Below are entries. Give back exactly the lines from the one containing "WALL LAMP 3 ROTATING ARMS (월 램프 3 로테이팅 암스)" through the one containing "[الوافر] ويقال إنها", inclusive, without the pictures.

####################

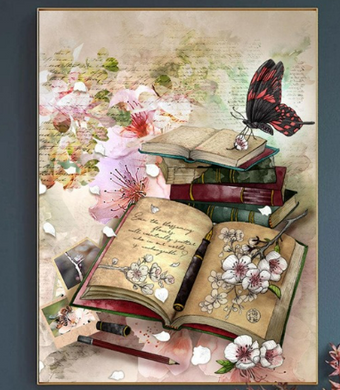 1set PMMA DIY Diamond Unframed Painting, Modern Book & Butterfly Pattern Diamond Unframed Painting For Home
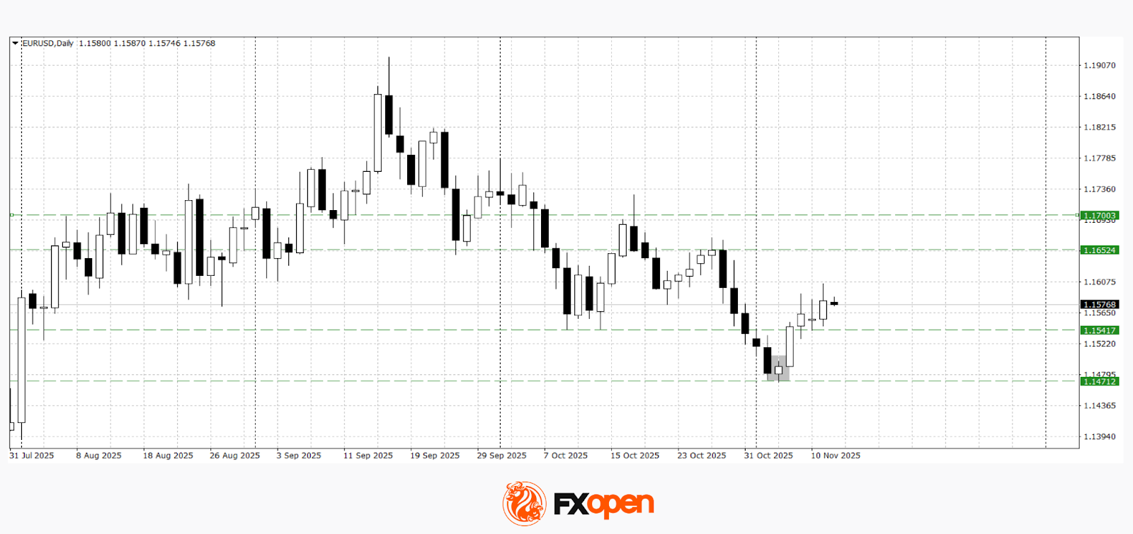 At the end of last week, EUR/USD buyers managed to defend the key 1.1500 support level and form a bullish “piercing line” pattern on the daily chart. Technical analysis suggests that this formation may continue to play out, with the potential for a rise towards 1.1650–1.1700. A break below the 1.1540 support could lead the pair to revisit the current month’s lows.
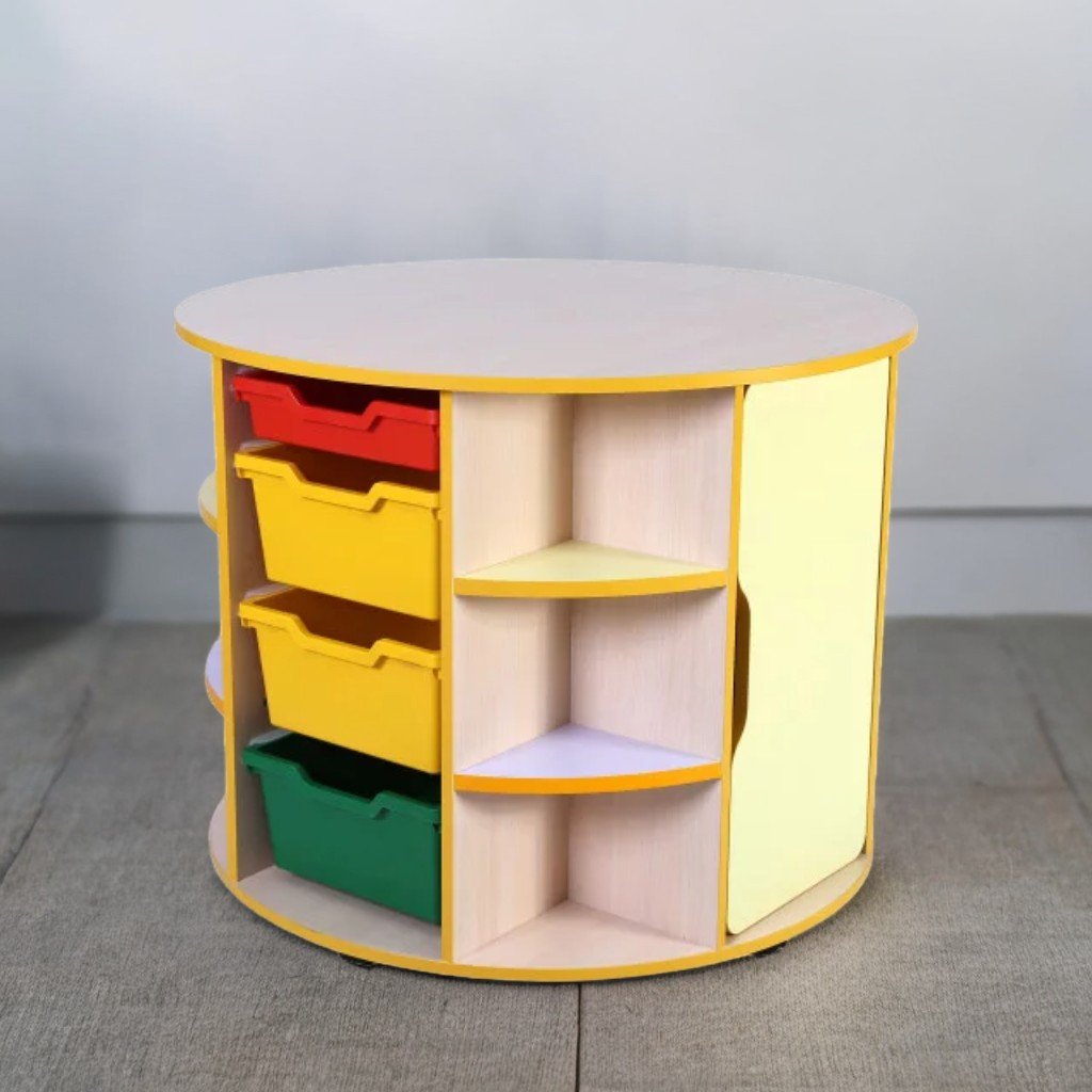 Masă multifuncțională realizată din PAL melaminat colorat de 16 mm, cu cant ABS galben de 1 mm. Rafturile și ușile sunt fabricate din PAL melaminat cu cant argintiu de 1 mm.
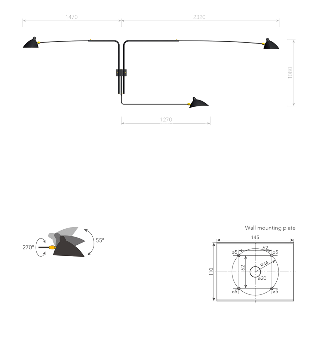 WALL LAMP 3 ROTATING ARMS (월 램프 3 로테이팅 암스)
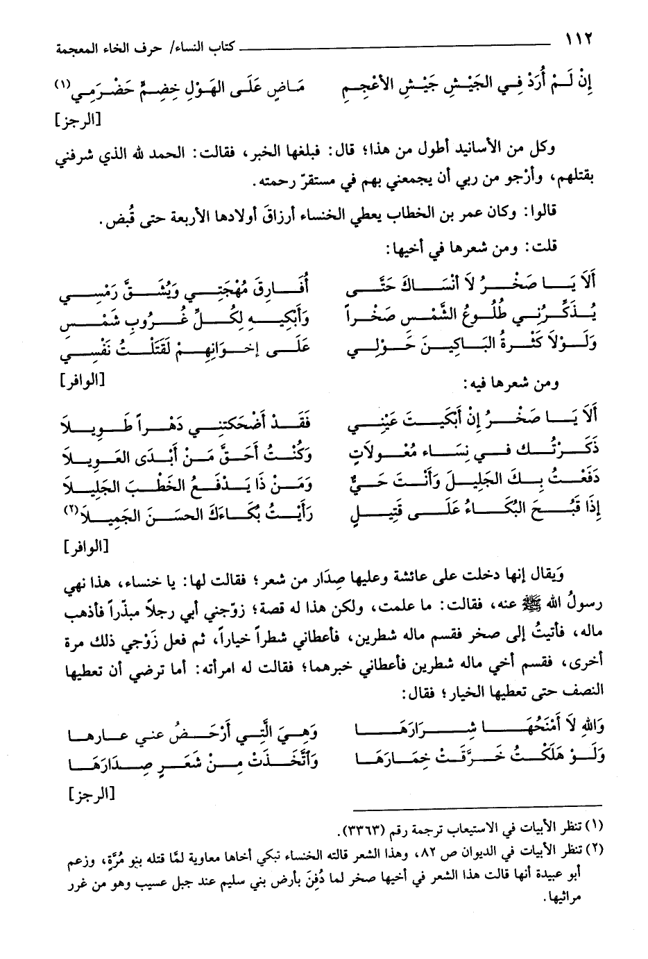 [الوافر] ويقال إنها دخلت على عائشة وعليها صدار من شعر، فقالت لها: يا خنساء، هذا نهي رسول اللَّه صلّى اللَّه عليه وسلّم عنه، فقالت: ما علمت، ولكن هذا له قصة، زوّجني أبي رجلا مبذّرا فأذهب ماله، فأتيت إلى صخر فقسم ماله شطرين، فأعطاني شطرا خيارا، ثم فعل زوجي ذلك مرة أخرى، فقسم أخي ماله شطرين فأعطاني خبرهما، فقالت له امرأته: أما ترضي أن تعطيها النصف حتى تعطيها الخيار، فقال:
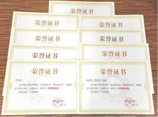 我校在河南省高校第四届主题朗读活动中荣获佳绩 时间:2023年09月20日 作者:图书馆 郭家锐 文图 编辑:党委宣传部(新闻中心)邓彦雯 点击: 近日,河南省教育厅发文公布河南省高校第四届“奋进新征程•唱响新时代”主题朗读活动“优秀朗读者”。我校教师组代中杰、杨新慧、荆利红、蔡云、刘秋萍、马倩、李筱宁、于海莉、郭家锐,学生组张英杰、李智华、吴嫱荣获“优秀朗读者”称号,杨晨获得由河南省高校图工委颁发的优秀指导老师奖。 本次活动旨在进一步发挥高校图书馆的文化育人功能,推进全民阅读活动在高校深入发展,推动书香社会建设,共有来自全省高校的51631位师生提交朗读作品。我校图书馆积极响应,精心组织,进行校内专家评审和推选,最终,教师组《论党的青年工作》等五部朗读作品,学生组《永不消逝的声音》、《中华,中华》两部朗读作品荣获由河南省教育厅授予的荣誉证书。 2023年09月20日 新闻头条 上一条:宣讲团走进军训现场开展国家安全宣讲活动 下一条:河南省航空材料与应用技术重点实验室第二届学术委员会第一次会议召开 【关闭】
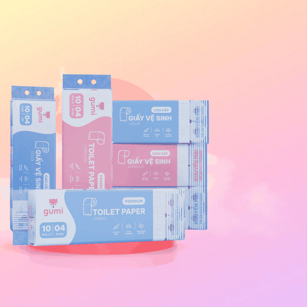 Set 10 cuộn giấy vệ sinh Gumi 4 lớp dày dặn, mềm mịn ( Tặng kèm 2 cuộn )
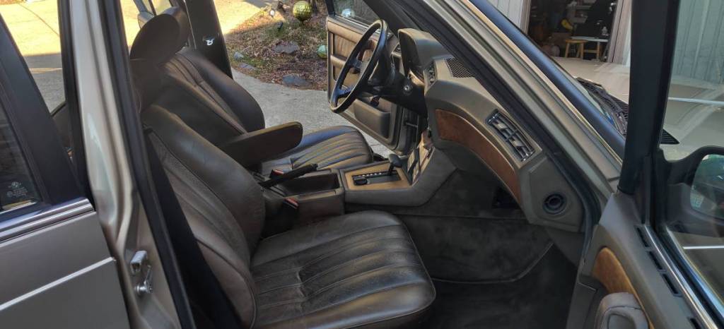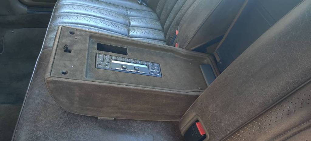 745is came very nicely equipped from the factory as standard, with just a few options such as reclining rear seat, heated seats, rear remote radio control, integrated phone, and buffalo leather upholstery. This car does have the rear radio controls and the buffalo leather, which can be identified by the brown variegated color and unique perforations. Buffalo leather is fabulous when it’s in good shape, but needs to be cared for just like any other leather. It’s thick and wears well, but I’ve seen a lot of dried out, torn up buffalo hide over the years. Thankfully, in this car the upholstery appears commensurate with the low mileage. It doesn’t appear to have the heated or reclining seats or the telephone – which wouldn’t work anymore, anyway!

####################

_Completed task_
 WALL LAMP 3 ROTATING ARMS (월 램프 3 로테이팅 암스)
 [الوافر] ويقال إنها دخلت على عائشة وعليها صدار من شعر، فقالت لها: يا خنساء، هذا نهي رسول اللَّه صلّى اللَّه عليه وسلّم عنه، فقالت: ما علمت، ولكن هذا له قصة، زوّجني أبي رجلا مبذّرا فأذهب ماله، فأتيت إلى صخر فقسم ماله شطرين، فأعطاني شطرا خيارا، ثم فعل زوجي ذلك مرة أخرى، فقسم أخي ماله شطرين فأعطاني خبرهما، فقالت له امرأته: أما ترضي أن تعطيها النصف حتى تعطيها الخيار، فقال:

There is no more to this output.